| YOUR ASSIGNMENT |
Below are lines of records; copy exactly those from the one containing "2. Identification of" through the one containing "In this example", leaving the pictures behind.

| PROVIDED ENTRIES |
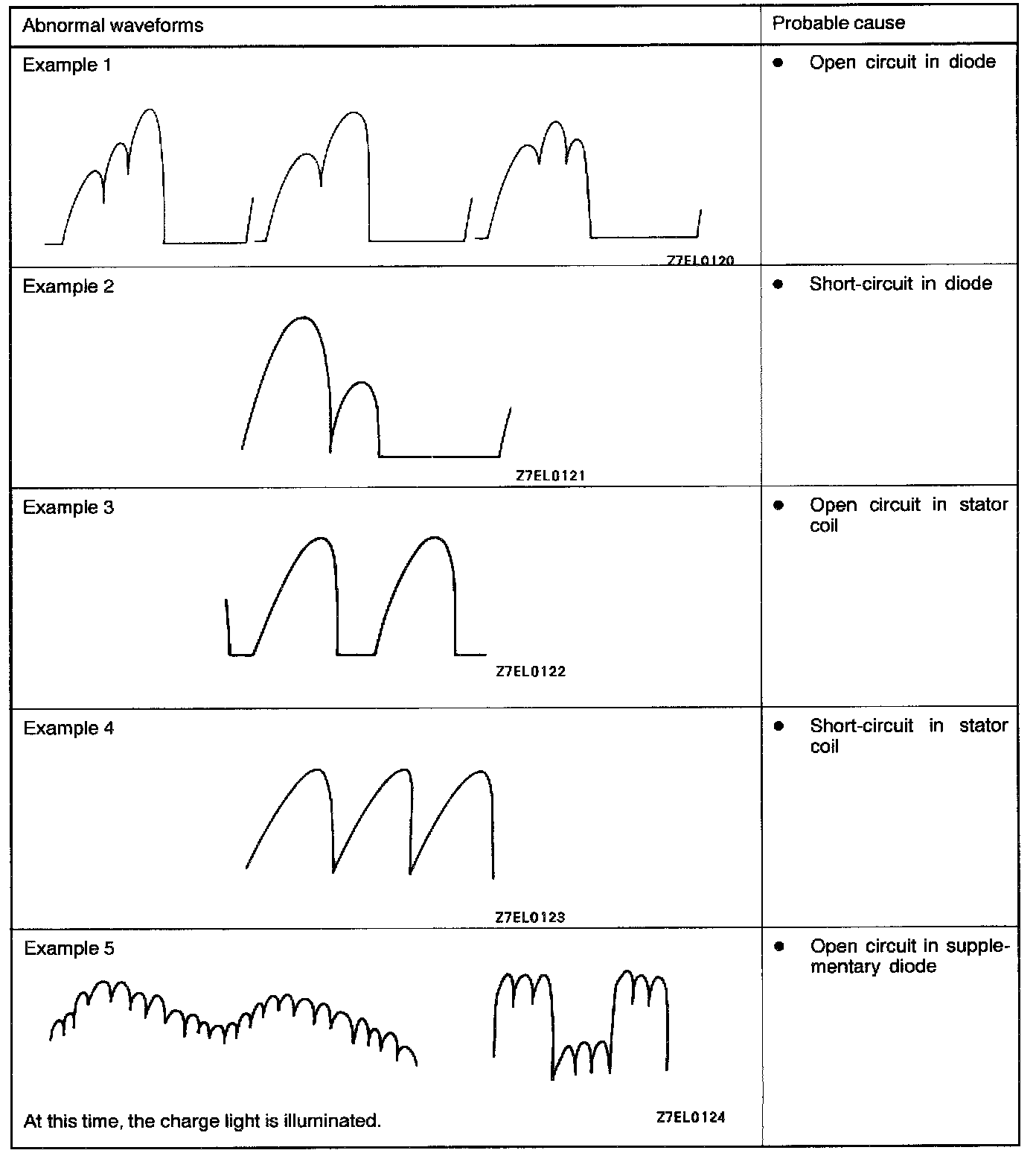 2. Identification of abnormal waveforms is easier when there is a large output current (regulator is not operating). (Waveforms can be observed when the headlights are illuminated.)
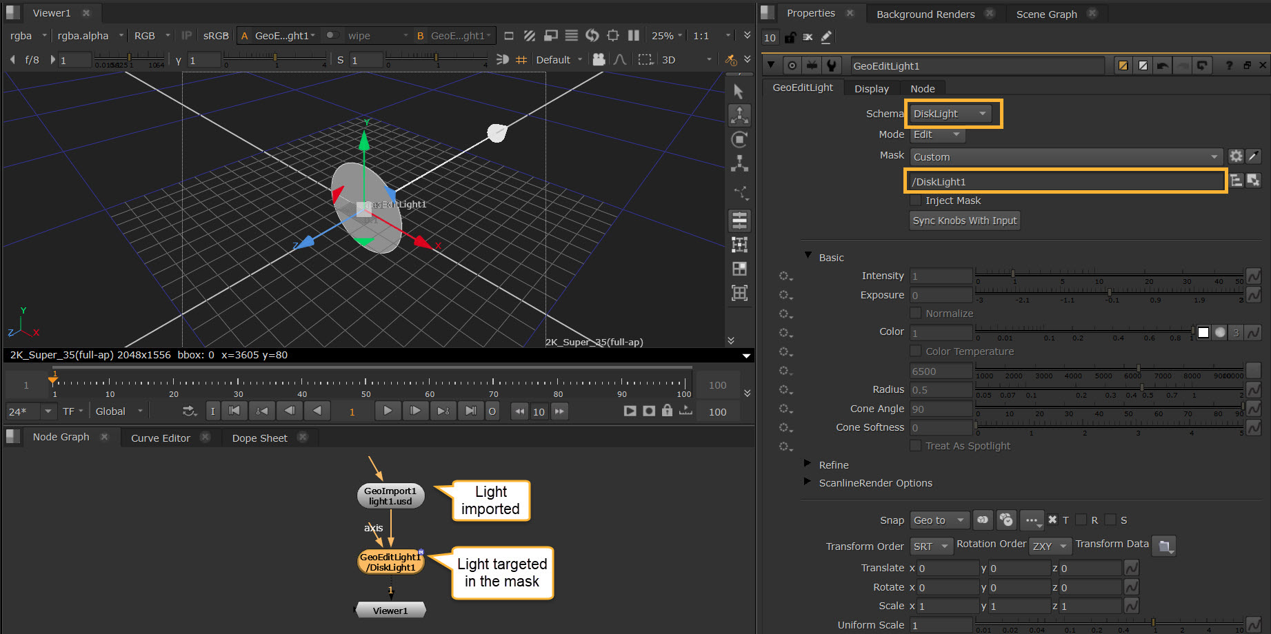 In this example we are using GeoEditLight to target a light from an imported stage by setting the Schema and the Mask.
==
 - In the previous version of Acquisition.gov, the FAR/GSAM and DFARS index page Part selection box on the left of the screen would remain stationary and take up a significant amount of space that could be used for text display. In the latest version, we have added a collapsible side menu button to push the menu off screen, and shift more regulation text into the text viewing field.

| REPLY |
 2. Identification of abnormal waveforms is easier when there is a large output current (regulator is not operating). (Waveforms can be observed when the headlights are illuminated.)
 In this example we are using GeoEditLight to target a light from an imported stage by setting the Schema and the Mask.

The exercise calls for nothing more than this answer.